July 17, 2025: In the first half of 2025, under-construction premium residential properties across India saw significantly higher capital appreciation than completed projects, according to a new report by Savills India. Mumbai led the trend, registering a striking 44% year-on-year increase in average prices. Bengaluru followed with a 35% rise, and Gurugram with 33%.
The surge was attributed to a spate of new project launches offering modern layouts, early-stage pricing benefits, and strategic locations. In contrast, completed luxury homes recorded a steadier appreciation, ranging between 1% and 32% across major cities.
In Mumbai, the sharp rise in prices was driven by high-end launches in South and Central locations. These projects boasted better layouts, Vaastu compliance, and connectivity to infrastructure like the Coastal Road. Larger homes such as bungalows and full-floor residences in low-density areas continued to attract wealthy buyers prioritising space and privacy.
Bengaluru’s under-construction luxury homes saw capital values rise by up to 48% in central areas, propelled by land scarcity, premium positioning, and demand for sustainable, amenity-rich homes.

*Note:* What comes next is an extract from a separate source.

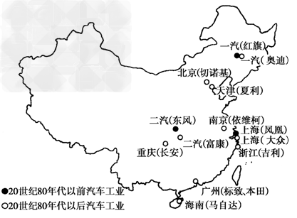 5、综合题 据中国汽车工业协会公布的最新数据,2009年我国国产汽车产销分别为1379.10万辆和1364.48万辆,而2009年美国汽车销量仅为1043万辆,这意味着我国首次超越美国,成为世界汽车产销第一大国。结合我国的汽车产业分布变化图,回答下列问题。??

South Bengaluru led in completed home appreciation with a 39% year-on-year rise.
In Delhi, luxury floors appreciated by 9% overall, with South East Delhi leading at 11%. Plot values also rose moderately by 7%, with South East and Central micro-markets recording the sharpest gains.
Gurugram’s residential plot prices grew 11% citywide, while the GCER and SPR corridors saw a 19% rise, supported by increased land demand. Noida witnessed price increases of 6% to 27%, with the Noida-Greater Noida Expressway showing the strongest growth.
“India’s high-end housing market has seen robust appreciation, driven by limited supply and evolving buyer expectations,” said Shveta Jain, MD, Residential Services, Savills India. “Going forward, a calibrated pricing strategy will be critical.”